Osteopathy and dance. It’s Friday 4 pm, my friends and I meet at the old-school bar/restaurant Colbar to drink a few bevvies carefully avoiding British and American current affairs. Contemplating the now, burying our heads in ice-cold drinks purposefully rejecting the foggy, fuzzy, icky future.
Second cider arrives at the table, feeling bubbly and witty, ready to extend my tet-a-tet, I reach for my ice-cold Somerset cider when abruptly and uninvited my left shoulder started to spasm, punishing my neck and back. My end of the week blowout was cut short, and Friday fun was over.
In the next few minutes, I noticed my movement flow decreasing and my shoulder wanting to freeze up to the top of my head while I unsuccessfully searched for a pleasant position on a chair.

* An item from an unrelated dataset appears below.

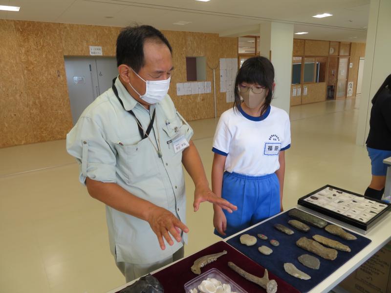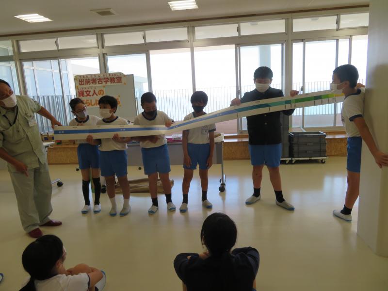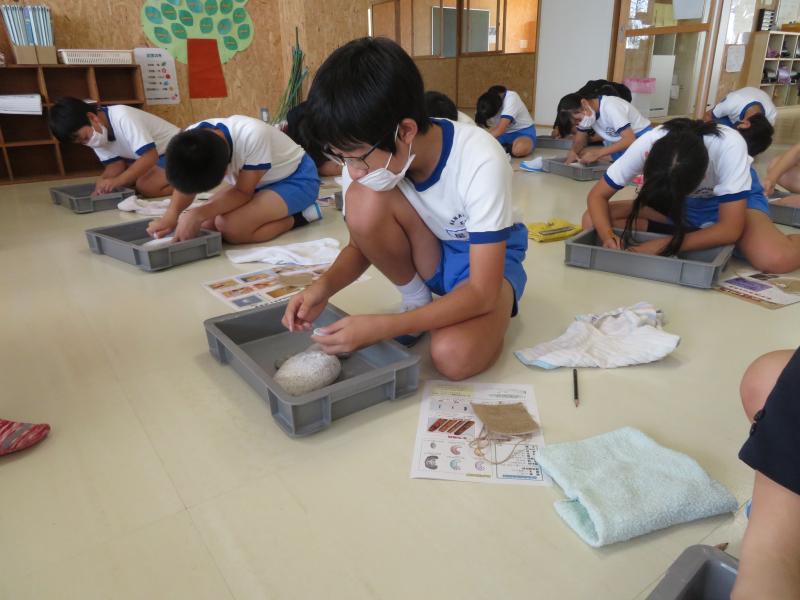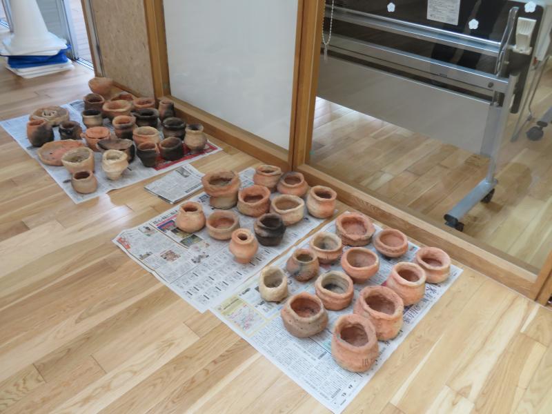 3・4限目に土器焼き体験・勾玉づくりを行ないました。7月につくった自分だけの弥生土器を焼き上げ、完成させました。焼き上げている間にクラスに分かれて勾玉をつくったり、縄文時代の暮らしや道具を振り返ったりしました。当時の生活の難しさを学ぶ良い機会となりました。

Mission failed – satisfaction and fun vanished for the following 24 hours.
Increasingly I was feeling older, and out of touch with my body. Not understanding why from all the things I do on my 20-hour training per week which involves spending a reasonable amount of time upside down walking on my hands, lifting other dancers and improvising with prime fitness people. A perfect cider on a Friday afternoon ruins me. How did a sunny and fun Friday afternoon result in a shoulder injury whilst having a drink with my friends?
It’s a recurrent incident. It has been happening on and off for the last five years and I never really understood how this happens. After consulting with numerous physiotherapists, doctors, sports specialists and osteopaths my frustration grew intensively to an all new level of annoyance and resentment.
It was humiliating, to say the least, for myself and the Uber driver when he saw me firstly trying to crawl inside his car and later climbing over the front seat – explaining that I could only lie on my left side with my feet up. The pain grew overnight, keeping me awake all of Friday night resting on my left side nursed by a sculpture of 4 pillows, one duvet and a considerable distance from my partner – wrecking my Saturday morning plans of breakfast followed by a swim.
Instead, I got an osteopathy appointment with Adam Wong at Orchard Health Clinic. In the act of desperation, I explained rather abruptly at the beginning of my session that he was the fourth person I had seen for this cyclical problem in the last few years. This far no one was able to give me a rational and enlightened clarification to this strikingly agonising and unfortunate recurring episode.
Adam Wong took me back in time, 16 years precisely, to a time when I use to visit the excellent osteopath of the Portuguese national ballet company. After an extensive assessment of my immovable body, gentle soft tissue massage with the occasional manipulation of my left and right shoulders, I finally became aware of the cause of my obstacles. Alas, a permanent solution was quickly found.
Full range movement and flow finally came back to my dancer body as the pain dematerialized and I managed to kiss both my shoulders once again. After 16 years of training, teaching, dancing and observing other people dancing, I neglected myself, my training and my ageing body. A full update on my routine exercises was brainstormed with Adam, tailored for my activities and challenges leading me again to find pleasure with movement – dance.
I learned from a different practitioner, invaluable advice on how to look after myself; retraining at 32 living in this new body with respect, intelligence and guidance from a knowledgeable and experienced osteopath.
Osteopathy goes hand in hand with dance. The latter an art form and the former a practice looking holistically at the body, it’s ongoing growth, advancement and hurdles that come from moving and standing on our feet for sixteen hours a day.
When I was sixteen years old and studying new circus, I met Acácia Garcia Coyac. An incredible osteopath who did understand the fundamental imbalances of my skeleton combined with intense 6 hours daily training in acrobatics and trapeze work. Somewhere on my travels across the globe, touring dance performances I forgot about the importance of looking after myself, paying attention to this beautiful and ever evolving human body with diligent thoughtfulness. Thankfully Adam Wong made me aware again – changing the way I take care of myself; osteopathy and dance go hand in hand.